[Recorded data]
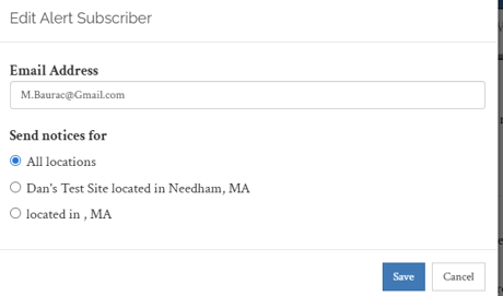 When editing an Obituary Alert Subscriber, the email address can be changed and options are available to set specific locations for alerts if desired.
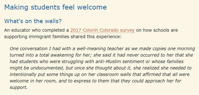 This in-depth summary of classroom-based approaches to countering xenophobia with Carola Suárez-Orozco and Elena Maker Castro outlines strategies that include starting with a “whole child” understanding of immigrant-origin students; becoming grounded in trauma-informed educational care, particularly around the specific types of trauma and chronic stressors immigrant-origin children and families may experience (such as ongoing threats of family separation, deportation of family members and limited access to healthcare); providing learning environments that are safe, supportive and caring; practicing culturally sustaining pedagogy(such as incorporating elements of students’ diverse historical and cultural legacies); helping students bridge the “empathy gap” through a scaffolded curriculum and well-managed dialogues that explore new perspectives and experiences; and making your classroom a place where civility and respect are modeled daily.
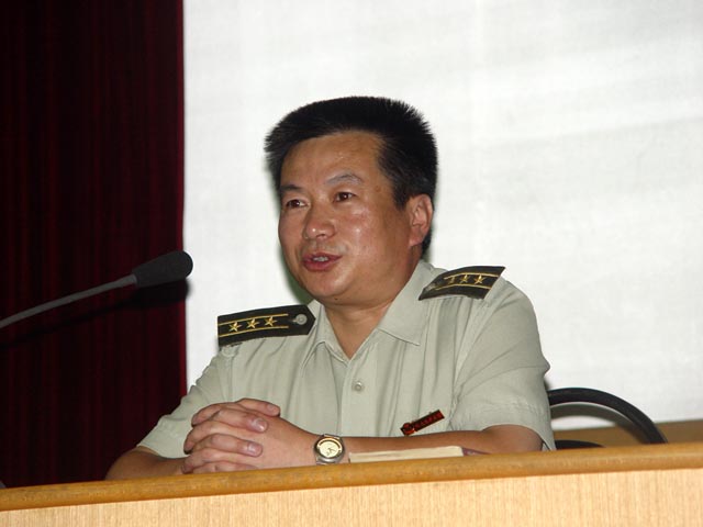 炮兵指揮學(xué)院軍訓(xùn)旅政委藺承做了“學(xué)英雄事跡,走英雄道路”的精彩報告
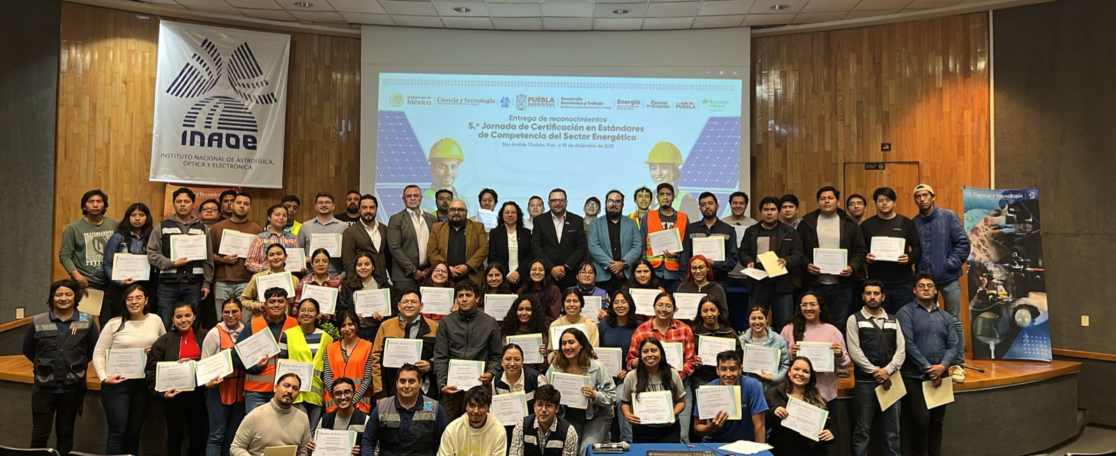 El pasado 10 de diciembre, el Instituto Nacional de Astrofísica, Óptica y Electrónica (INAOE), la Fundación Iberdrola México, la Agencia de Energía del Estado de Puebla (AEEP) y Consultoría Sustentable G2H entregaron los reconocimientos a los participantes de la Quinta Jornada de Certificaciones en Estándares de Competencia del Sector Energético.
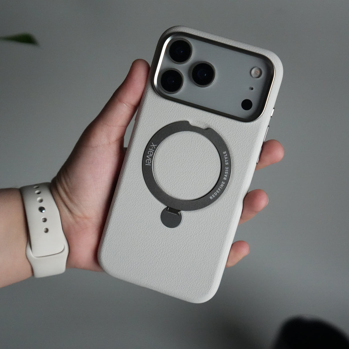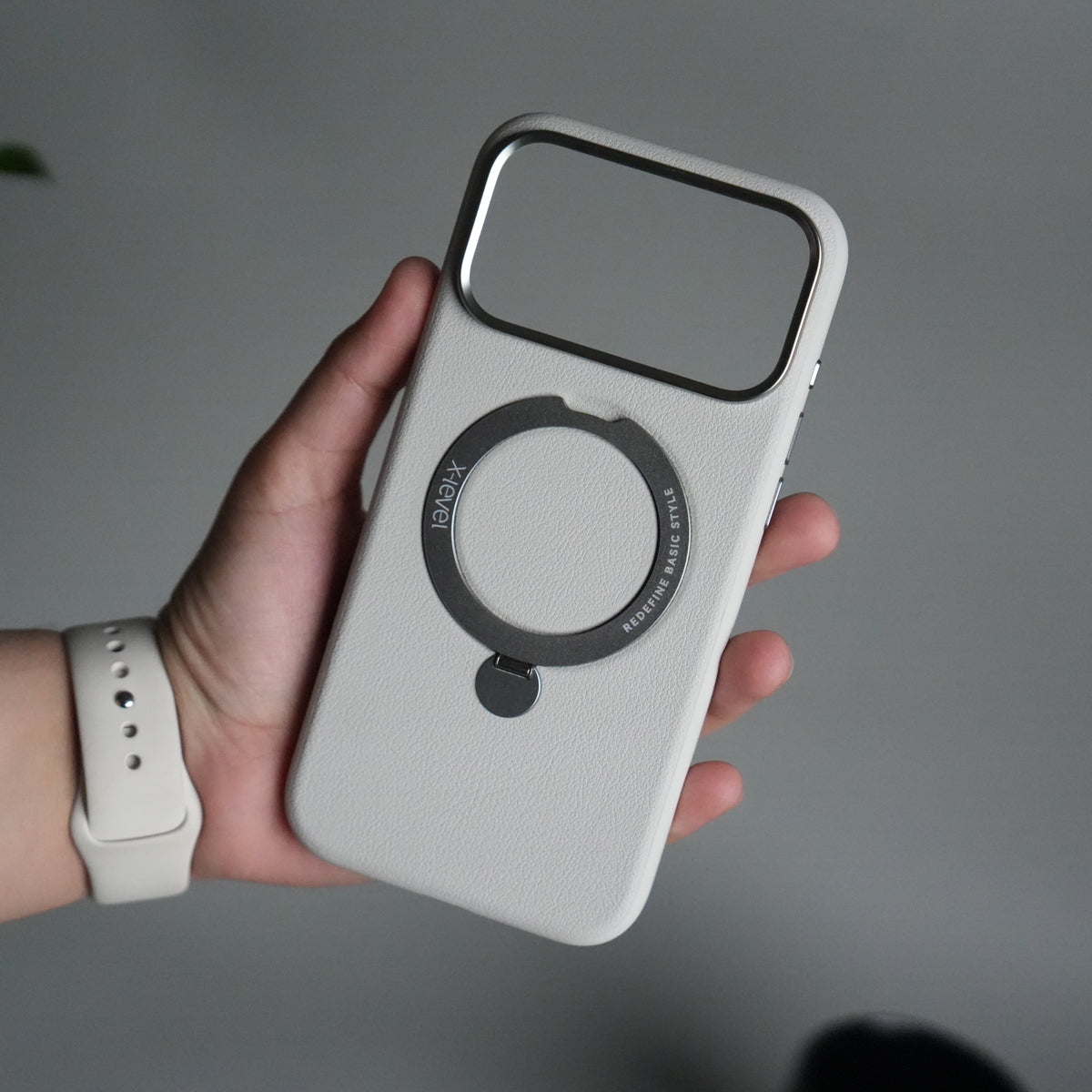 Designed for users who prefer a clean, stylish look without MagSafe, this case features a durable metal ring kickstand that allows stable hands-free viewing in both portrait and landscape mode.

• _Work to be completed_
Stop after the line containing "El pasado 10": copy the records exactly from the first line up to there, leaving pictures out.

• _Expected answer_
 When editing an Obituary Alert Subscriber, the email address can be changed and options are available to set specific locations for alerts if desired.
 This in-depth summary of classroom-based approaches to countering xenophobia with Carola Suárez-Orozco and Elena Maker Castro outlines strategies that include starting with a “whole child” understanding of immigrant-origin students; becoming grounded in trauma-informed educational care, particularly around the specific types of trauma and chronic stressors immigrant-origin children and families may experience (such as ongoing threats of family separation, deportation of family members and limited access to healthcare); providing learning environments that are safe, supportive and caring; practicing culturally sustaining pedagogy(such as incorporating elements of students’ diverse historical and cultural legacies); helping students bridge the “empathy gap” through a scaffolded curriculum and well-managed dialogues that explore new perspectives and experiences; and making your classroom a place where civility and respect are modeled daily.
 炮兵指揮學(xué)院軍訓(xùn)旅政委藺承做了“學(xué)英雄事跡,走英雄道路”的精彩報告
 El pasado 10 de diciembre, el Instituto Nacional de Astrofísica, Óptica y Electrónica (INAOE), la Fundación Iberdrola México, la Agencia de Energía del Estado de Puebla (AEEP) y Consultoría Sustentable G2H entregaron los reconocimientos a los participantes de la Quinta Jornada de Certificaciones en Estándares de Competencia del Sector Energético.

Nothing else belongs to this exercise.